GOAL OF THE EXERCISE: For the records below, reproduce exactly the line that contains "군인들도 버스 두 대에 나눠 타고 통일전망대를" and all subsequent lines, with nothing left out and nothing added.

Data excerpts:
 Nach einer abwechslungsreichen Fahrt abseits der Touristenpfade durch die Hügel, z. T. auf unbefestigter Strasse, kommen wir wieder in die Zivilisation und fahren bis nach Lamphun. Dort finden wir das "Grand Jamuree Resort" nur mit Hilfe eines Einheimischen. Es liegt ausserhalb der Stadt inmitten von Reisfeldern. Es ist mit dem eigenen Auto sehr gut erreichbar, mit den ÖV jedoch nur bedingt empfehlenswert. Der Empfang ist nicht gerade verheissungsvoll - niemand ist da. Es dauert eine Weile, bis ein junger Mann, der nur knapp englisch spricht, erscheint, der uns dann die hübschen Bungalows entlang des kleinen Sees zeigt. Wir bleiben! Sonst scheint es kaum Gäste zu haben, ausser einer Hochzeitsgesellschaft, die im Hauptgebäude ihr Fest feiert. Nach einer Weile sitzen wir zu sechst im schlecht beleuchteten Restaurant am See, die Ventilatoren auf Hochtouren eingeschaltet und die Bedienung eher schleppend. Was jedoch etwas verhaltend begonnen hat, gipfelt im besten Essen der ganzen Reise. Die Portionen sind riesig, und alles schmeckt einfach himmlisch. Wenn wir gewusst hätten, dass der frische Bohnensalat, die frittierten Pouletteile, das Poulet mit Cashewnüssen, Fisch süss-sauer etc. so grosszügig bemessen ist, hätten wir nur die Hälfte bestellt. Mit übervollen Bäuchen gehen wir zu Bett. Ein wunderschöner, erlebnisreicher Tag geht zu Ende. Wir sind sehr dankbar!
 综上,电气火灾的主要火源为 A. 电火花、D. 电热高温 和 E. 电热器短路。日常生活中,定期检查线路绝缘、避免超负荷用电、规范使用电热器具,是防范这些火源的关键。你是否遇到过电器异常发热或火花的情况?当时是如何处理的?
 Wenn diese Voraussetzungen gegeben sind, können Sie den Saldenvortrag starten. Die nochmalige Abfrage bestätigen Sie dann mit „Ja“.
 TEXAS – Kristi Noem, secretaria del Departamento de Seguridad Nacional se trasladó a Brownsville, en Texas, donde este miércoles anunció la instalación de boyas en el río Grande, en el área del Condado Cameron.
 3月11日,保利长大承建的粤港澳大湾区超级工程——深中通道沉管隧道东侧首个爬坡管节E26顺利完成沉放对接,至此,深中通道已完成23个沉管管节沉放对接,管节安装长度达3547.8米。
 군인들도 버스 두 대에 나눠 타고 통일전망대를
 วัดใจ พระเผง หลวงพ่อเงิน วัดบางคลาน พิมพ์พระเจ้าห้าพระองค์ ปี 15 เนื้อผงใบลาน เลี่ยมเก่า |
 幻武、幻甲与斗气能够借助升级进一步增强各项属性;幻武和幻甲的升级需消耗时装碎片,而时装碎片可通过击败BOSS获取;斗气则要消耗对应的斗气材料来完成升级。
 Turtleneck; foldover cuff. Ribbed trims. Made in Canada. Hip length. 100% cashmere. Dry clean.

OUTPUT BELOW:
 군인들도 버스 두 대에 나눠 타고 통일전망대를
 วัดใจ พระเผง หลวงพ่อเงิน วัดบางคลาน พิมพ์พระเจ้าห้าพระองค์ ปี 15 เนื้อผงใบลาน เลี่ยมเก่า |
 幻武、幻甲与斗气能够借助升级进一步增强各项属性;幻武和幻甲的升级需消耗时装碎片,而时装碎片可通过击败BOSS获取;斗气则要消耗对应的斗气材料来完成升级。
 Turtleneck; foldover cuff. Ribbed trims. Made in Canada. Hip length. 100% cashmere. Dry clean.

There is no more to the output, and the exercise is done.